_WHAT THIS TASK INVOLVES_
Copy task for the material below: print the line with "مركز حيدر علييف: تحفة" and every line after it to the end, exactly as written, without the pictures.

_MATERIAL PROVIDED_
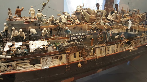 Музей истории нелегальной иммиграции в Эрец-Исраэль, музей под открытым небом. Рядом транспортная развязка, шуршат шинами машины, фуникулёр поднимает пассажиров на вершину горы Кармель. А ты проходишь на территорию музея – и время поворачивает вспять. Вы читали роман «Исход» Леона Юриса? Он принёс автору всемирную известность. В романе описаны исторические события, охватывающие почти сотню лет: от еврейских погромов на территории Российской империи в конце XIX века до создания государства Израиль в середине ХХ века. Возвращение на историческую родину и борьба за создание собственного государства на фоне истории любви, как и положено большому роману. Да, это художественное произведение, не стоит относиться к нему, как к документальному полотну. Но роман позволяет нам на своих страницах увидеть, прочувствовать, задуматься над тем, что пришлось пережить евреям в борьбе за собственное государство. Тираж романа превысил 7 миллионов экземпляров, он был переведён на 50 языков и экранизирован. Точно так же - «Исход», или «Эксодус» в английской транскрипции, «Исход-1947», назывался один из кораблей, которые доставляли еврейских беженцев в Палестину, находившуюся тогда под британским мандатом. Так вот музей – и об этих рейсах тоже. О том, кто, как и в каких условиях, преодолевая немыслимые трудности, помогал евреям попасть домой. Многие, очень многие погибли в пути. Кого-то вылавливали из воды у самого берега вожделенной земли и … вывозили в лагеря на Кипр. Люди, чудом уцелевшие в концлагерях, опять оказывались за колючей проволокой и ожидали решения своей судьбы. Кто принимал за них эти решения? Почему они оказались лишены возможности самостоятельно решать свою судьбу? Вопросы риторические, наверное. Музей рассказывает о времени борьбы за иммиграцию в Эрец-Исраэль в период с 1934 по 1948 годы. Это одна из важных вех в создании государства Израиль. Организованная иммиграция началась в 1934 году. В это время в Германии к власти пришли нацисты, в Европе был заметен рост антисемитских явлений. Правила британского мандата не допускали свободного въезда евреев в Эрец-Исраэль, потому и возникает нелегальная иммиграция. Уже до начала Второй мировой войны сюда прибыло около пятидесяти судов нелегальных иммигрантов. На стендах показаны, из каких стран сколько рейсов были сделаны. Новая волна нелегальной иммиграции начался с окончанием Второй мировой войны в мае 1945 года. Миру стали известны масштабы зверств, имевших место в Европе, и многие евреи, выжившие после Холокоста, стремились иммигрировать в Израиль. Музей бережно хранит малейшие свидетельства эпохи. Воссоздаёт атмосферу, царившую на кораблях. Кроме привычных стендов, макетов и подлинных предметов того времени, в музее есть даже карикатуры. Согласитесь, суметь с юмором взглянуть на происходящее дано не каждому. Особое внимание мы обратили на несколько фильмов с документальными кадрами. Это бесценные свидетельства. История нелегальной иммиграции и история создания военно-морского флота Израиля тесно переплетаются. Корабли, перевозившие нелегальных иммигрантов, были первыми военными кораблями военно-морского флота. Военно-морской флот Израиля, зародившийся в те годы, сегодня является одним из самых передовых военно-морских сил в мире. Музей принадлежит Министерству обороны и экскурсии 
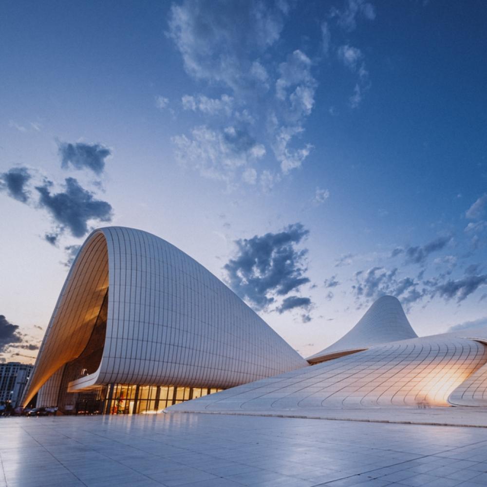 مركز حيدر علييف: تحفة معمارية من تصميم زها حديد، يضم معارض فنية ومتاحف تعكس الجانب الثقافي الحديث للدولة في أجواء راقية.
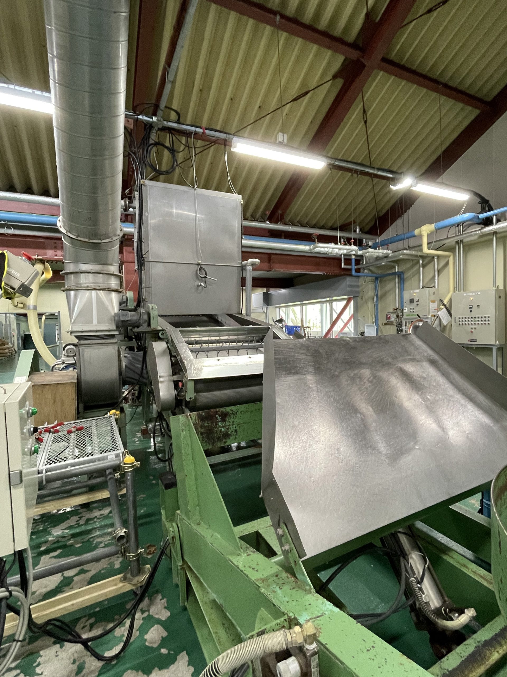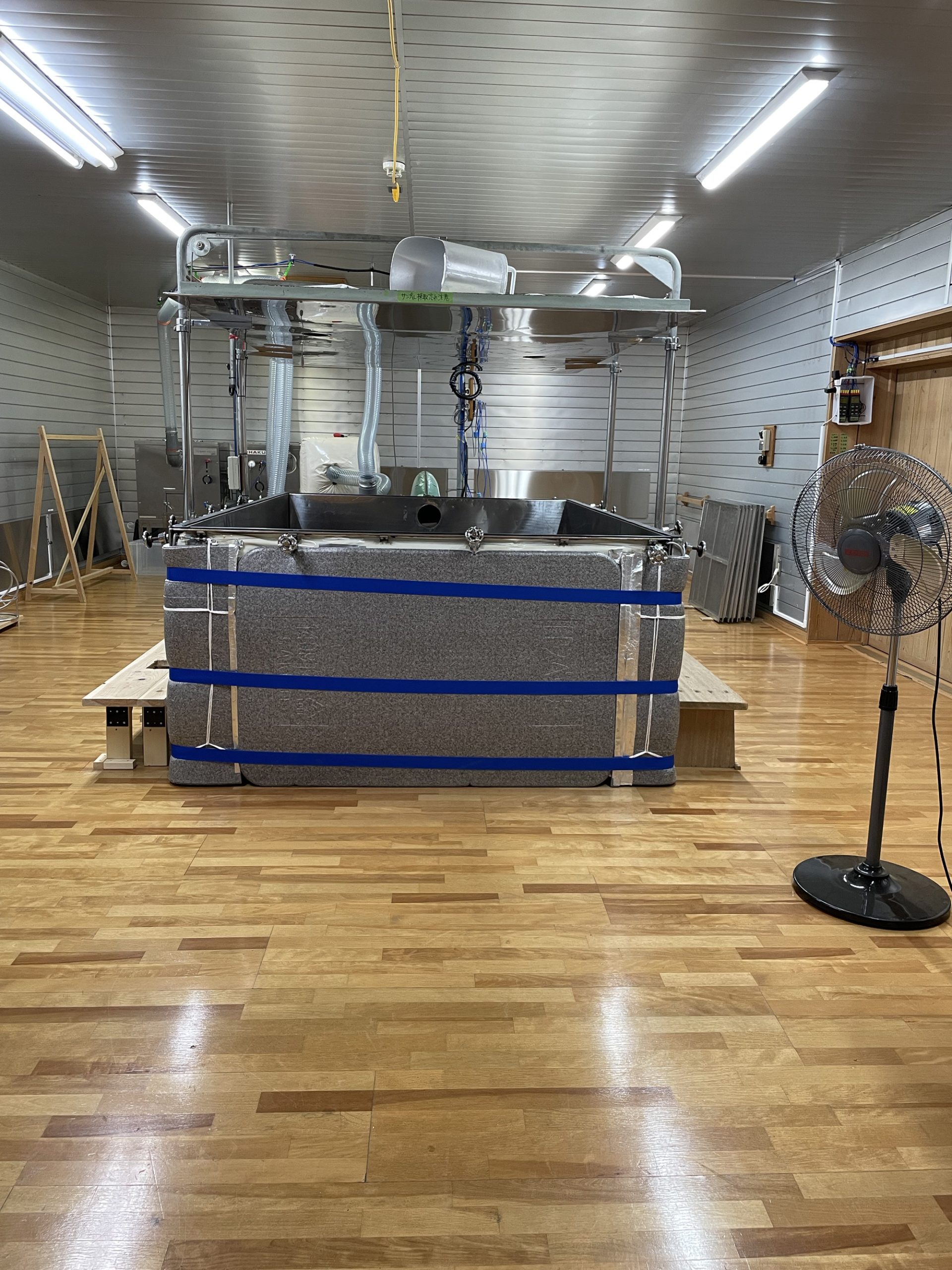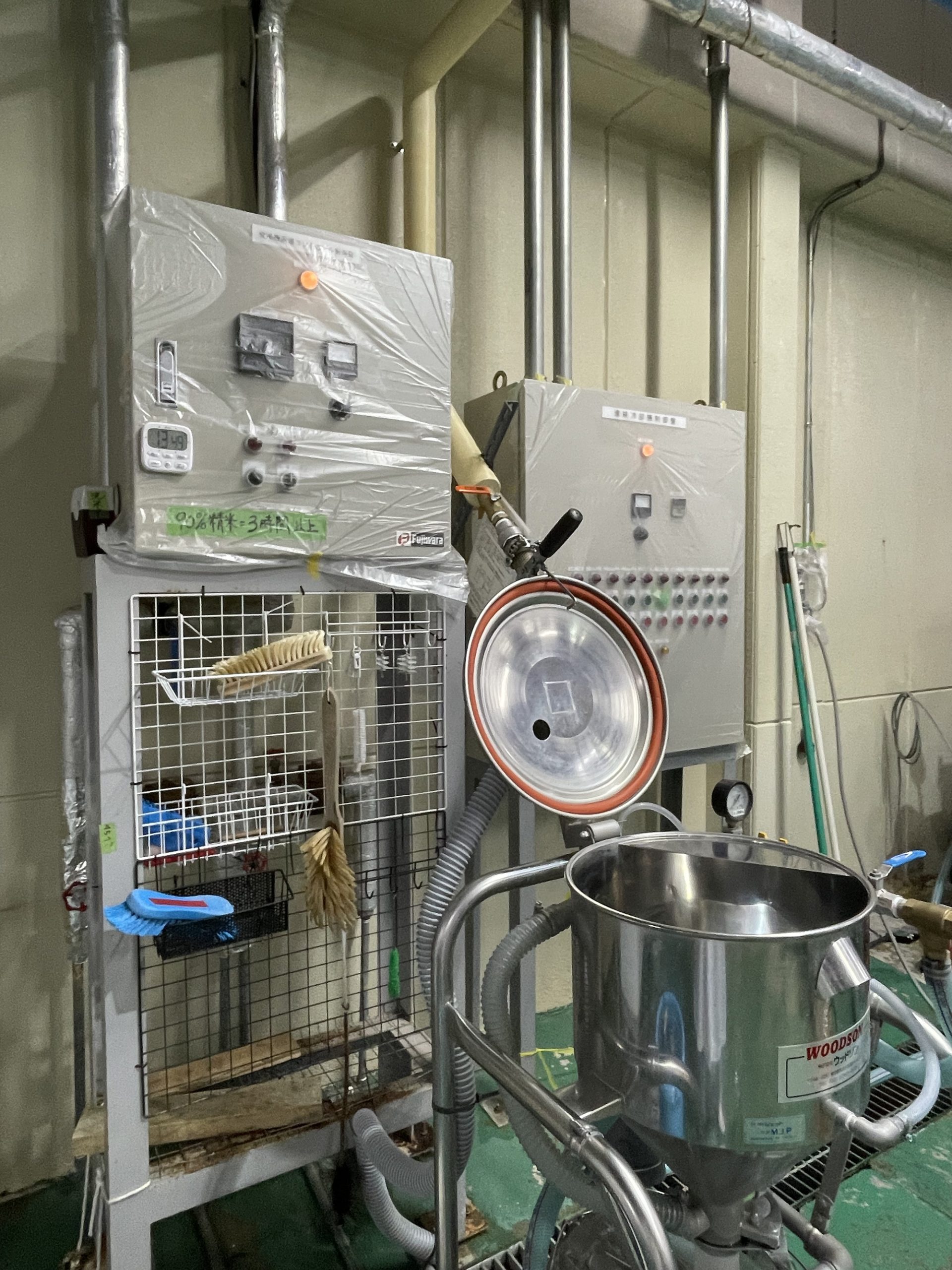 土田酒造では可動式の小さなタンク数個に分けてボイラーで蒸すとのこと。出来上がったアツアツの蒸米は放冷機で冷まされ麹室へ。

_WORKED SOLUTION_
 مركز حيدر علييف: تحفة معمارية من تصميم زها حديد، يضم معارض فنية ومتاحف تعكس الجانب الثقافي الحديث للدولة في أجواء راقية.
 土田酒造では可動式の小さなタンク数個に分けてボイラーで蒸すとのこと。出来上がったアツアツの蒸米は放冷機で冷まされ麹室へ。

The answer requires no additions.